→ Instructions for the task: The whole listing, exactly as given: write it out, leaving out each image.

→ Extracted records:
↓

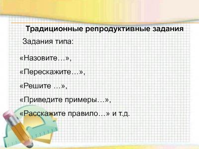 – это задания, результат выполнения которых (ответ на вопрос) содержится в учебнике в готовом, легко воспроизводимом виде.
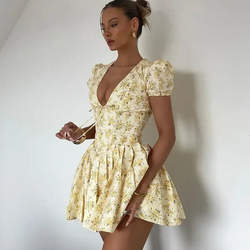 يجمع هذا الفستان بين الراحة والأناقة بكل سهولة. مصنوع من مواد عالية الجودة، يوفر الفستان القصير المطوي برباط على شكل حرف V وفتحة رقبة على شكل حرف V ملاءمة مثالية تتحرك معك. استمتعي بمظهر مريح وأنيق، مما يجعله الخيار الأمثل لأي نزهة.
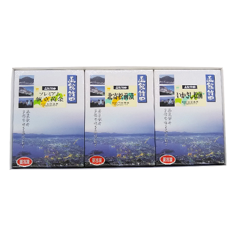 ■内容量:プレミアム帆立黄金200g箱、北寄松前漬200g箱、いかさし松前200g箱
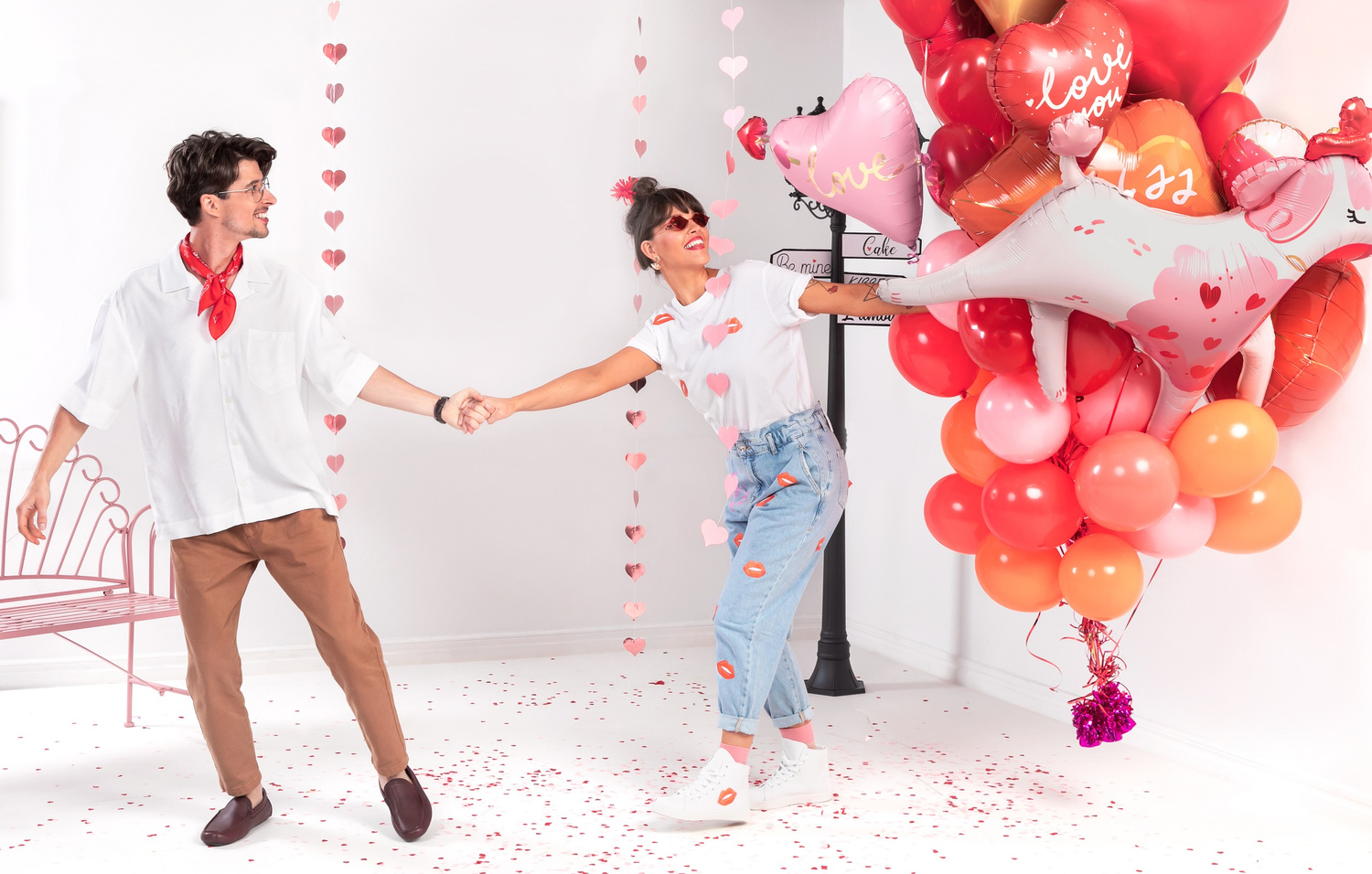 Balon foliowy w kształcie serca ze strzałą Amora. Balon jest w różowym kolorze z matową powłoką. Posiada dwustronnie złoty, lustrzany napis LOVE. Balon dodatkowo ozdobiony jest strzałą bożka miłości z grotem w kształcie czerwonego serduszka. Idealny do dekoracji na wiele romantycznych okazji np. Walentynki, ślub lub wesele.
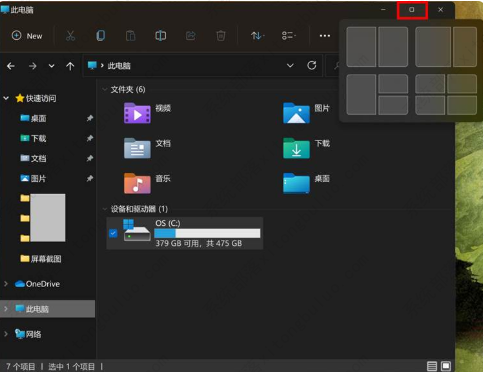 3、Win11 的多窗口功能新增多种排列方式,用户可以轻易布局多个应用窗口。像是图中展示的这样子,比起win10的多窗口丰富了很多,同时win11还可以在外接显示器的时候记忆现在所有应用的窗口位置,当拔下显示器后马上恢复原来的位置。
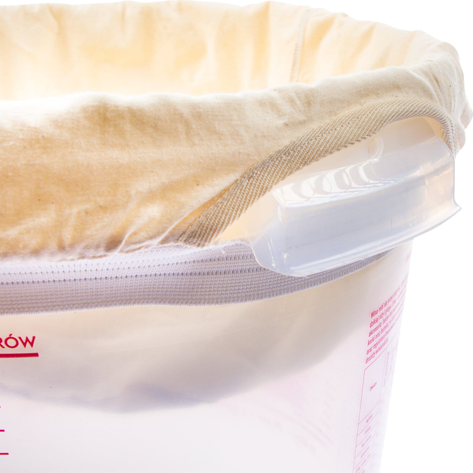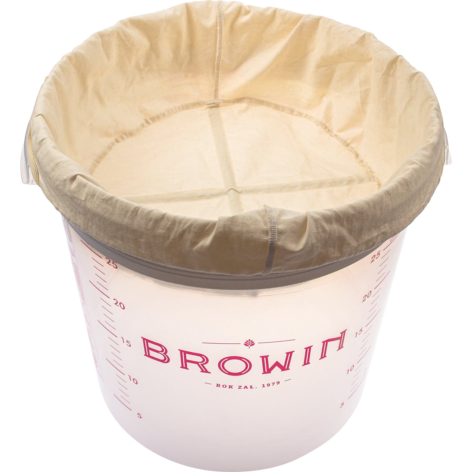 Umiejscowienie worka wewnątrz pojemnika pozwala na swobodne zamknięcie go pokrywą podczas filtracji, co zabezpiecza nastaw przed parowaniem alkoholu oraz chroni go przed owadami i zakażeniami. Dzięki gęstej strukturze materiału miąższ i drobinki zmętnień zatrzymują się na worku, co daje 100% gwarancji, że uzyskany płyn będzie odpowiednio klarowny.
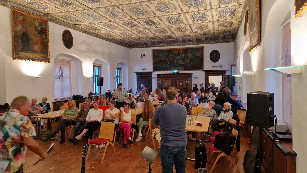 An 2 Donnerstagen im Juli gibt es in den schönen Traunkirchner Klosterräumen Musik, Buffet und Kino (Eintritt frei, Spenden gern gesehen)

↑

→ Response area:
 – это задания, результат выполнения которых (ответ на вопрос) содержится в учебнике в готовом, легко воспроизводимом виде.
 يجمع هذا الفستان بين الراحة والأناقة بكل سهولة. مصنوع من مواد عالية الجودة، يوفر الفستان القصير المطوي برباط على شكل حرف V وفتحة رقبة على شكل حرف V ملاءمة مثالية تتحرك معك. استمتعي بمظهر مريح وأنيق، مما يجعله الخيار الأمثل لأي نزهة.
 ■内容量:プレミアム帆立黄金200g箱、北寄松前漬200g箱、いかさし松前200g箱
 Balon foliowy w kształcie serca ze strzałą Amora. Balon jest w różowym kolorze z matową powłoką. Posiada dwustronnie złoty, lustrzany napis LOVE. Balon dodatkowo ozdobiony jest strzałą bożka miłości z grotem w kształcie czerwonego serduszka. Idealny do dekoracji na wiele romantycznych okazji np. Walentynki, ślub lub wesele.
 3、Win11 的多窗口功能新增多种排列方式,用户可以轻易布局多个应用窗口。像是图中展示的这样子,比起win10的多窗口丰富了很多,同时win11还可以在外接显示器的时候记忆现在所有应用的窗口位置,当拔下显示器后马上恢复原来的位置。
 Umiejscowienie worka wewnątrz pojemnika pozwala na swobodne zamknięcie go pokrywą podczas filtracji, co zabezpiecza nastaw przed parowaniem alkoholu oraz chroni go przed owadami i zakażeniami. Dzięki gęstej strukturze materiału miąższ i drobinki zmętnień zatrzymują się na worku, co daje 100% gwarancji, że uzyskany płyn będzie odpowiednio klarowny.
 An 2 Donnerstagen im Juli gibt es in den schönen Traunkirchner Klosterräumen Musik, Buffet und Kino (Eintritt frei, Spenden gern gesehen)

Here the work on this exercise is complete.